Accessibilité routière et performance logistique
Un entrepôt isolé, même bien conçu, ne vaut pas grand-chose si les camions mettent 45 minutes à rejoindre l’A31. La proximité des axes principaux est un levier clé de performance. Plus un local est fluide d’accès, plus il est facile à louer - et plus il résiste bien aux aléas du marché.
| 📍 Zone | 💶 Prix moyen au m² | 📈 Rendement brut estimé | 🎯 Profil de locataire idéal |
|---|---|---|---|
| Cap Nord | environ 1 200 € | 5 % - 6 % | PME, logistique urbaine, services |
| Longvic | 1 400 € et plus | 5,5 % - 7 % | Distributeurs régionaux, transporteurs |
| Chenôve | 1 000 - 1 100 € | 6 % - 7 % | Artisans, stockage local, e-commerce |
Maîtriser le montage financier de votre acquisition
Acheter un entrepôt n’obéit pas aux mêmes règles que l’immobilier d’habitation. Les banques traitent ces opérations comme des risques professionnels, et les exigences sont plus strictes. Comprendre ces paramètres dès le départ évite les mauvaises surprises.
Fiscalité et frais d'acquisition spécifiques
Les frais de notaire pour un local professionnel s’élèvent généralement entre 6 % et 8 % du prix d’achat - bien plus élevés que dans l’ancien, mais inclus dans le calcul de rentabilité. Sur le plan fiscal, deux leviers sont à activer : le statut LMNP (Loueur en Meublé Non Professionnel) ou l’investissement via une SCI, qui permettent d’amortir le bien sur 20 à 30 ans et de réduire l’impôt sur les revenus locatifs.
Conditions de financement bancaire
Les établissements demandent souvent un apport personnel de 20 % à 30 %. Le reste est financé sur une durée allant de 12 à 20 ans. La banque regardera de près le profil du locataire (ou la capacité à en trouver un), la solidité du marché locatif local, et la qualité technique du bien.

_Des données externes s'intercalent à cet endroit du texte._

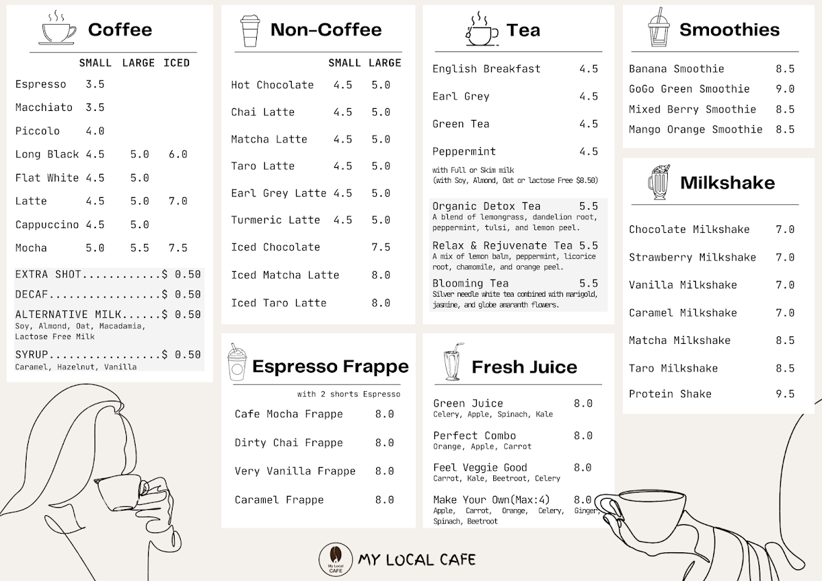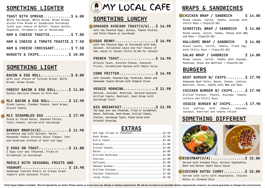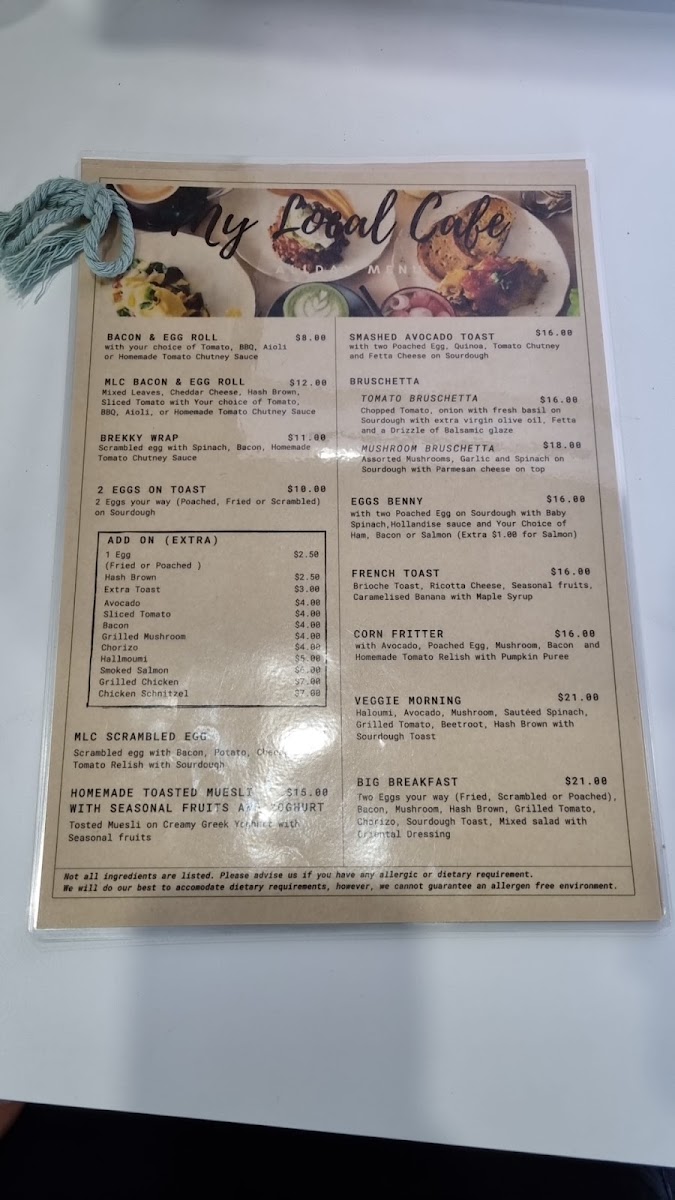 From a reviewer’s perspective, the menu at My Local Cafe blends comforting all‑day breakfast classics with heartier brunch options that deliver both variety and value. Diners can start simple with a Bacon & Egg Roll (around $9.90) or the more loaded MLC Bacon & Egg Roll (about $15.90), and there’s the satisfying Brekky Wrap (approximately $15.90) packed with spinach, scrambled egg, bacon and relish for a flavourful kick. Egg lovers will appreciate Two Eggs on Toast (around $13.90) or the indulgent MLC Scrambled Egg (about $19.50), while those after a more substantial brunch can choose the classic Big Breakfast (roughly $24.50) or the veggie‑forward Corn Fritter and Smashed Avocado Toast (each about $19.50) for a modern café twist. With this range of familiar favourites and creative options at clear price points, the menu feels both approachable and generous, making it easy to find something to suit almost any morning or midday appetite.

- Analyse du rendement locatif brut (loyer annuel / prix d’acquisition)
- Sélection du bien selon ses critères techniques et sa localisation
- Négociation du prix et vérification des diagnostics obligatoires
- Obtention du financement et signature du compromis de vente
- Levée des conditions suspensives et remise des clés (en général 2 à 3 mois après le compromis)

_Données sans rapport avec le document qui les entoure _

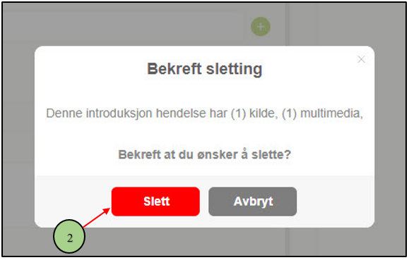 2. Ved å klikke på Slette-knappen vises et lite dialog-vindu. For å slette hedelsen permanent må man klikke den meget røde Slett-knappen. De er også mulig å angre med å klikke på Avbryt-knappen.
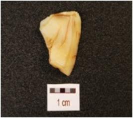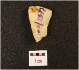 | Description / विवरण | A blade, made on chert with prominent mid ridge on dorsal side, triangular in section and use wear makrs on cutting edge. |
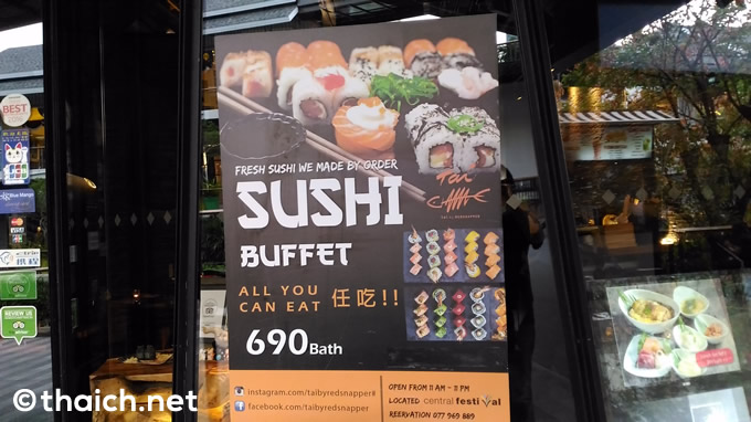 最後にこちらが、「タイ(Tai)」というお店。690バーツでお寿司食べ放題もやっている、西洋人に大人気のお店。実はここはチャウエンビーチで唯一の日本人シェフがいるお店なんです。
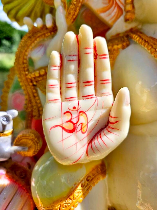 De omhoogstaande hand staat voor het geven van zegen. Ganesha geeft de toegewijden van het Goddelijke zijn zegen. Door ware toewijding zijn we in staat de zegen van het Goddelijke te ontvangen en door deze zegen kunnen wij tot het Goddelijke komen wanneer wij ons leven daarop inrichten.

Les interrogations courantes
Vaut-il mieux acheter un grand entrepôt en périphérie ou un petit local en ville ?
Cela dépend de votre stratégie. Un grand entrepôt en périphérie convient aux acteurs de distribution régionale, avec des rendements stables. Un petit local en ville, lui, s’inscrit dans la logistique du dernier kilomètre, très portée par l’e-commerce. Moins volumineux, il se loue plus facilement, surtout si bien desservi.
Existe-t-il une alternative à l'achat direct pour investir dans l'immobilier d'activité ?
Oui, via les SCPI spécialisées dans les locaux d'activités ou l’immobilier logistique. Elles permettent de diversifier sans gérer le bien directement. Moins de contrôle, mais aussi moins de contraintes. Une option pertinente pour ceux qui veulent bénéficier du rendement sans les aléas de la gestion locative.
Quelles sont les nouvelles attentes techniques des locataires logistiques en 2026 ?
Les demandes évoluent : meilleure isolation thermique, toitures adaptées à l’installation de panneaux solaires, et surtout, des bornes de recharge électrique pour flottes de véhicules électriques. Les entrepôts qui intègrent ces critères dès l’origine deviennent plus attractifs et gardent leur valeur plus longtemps.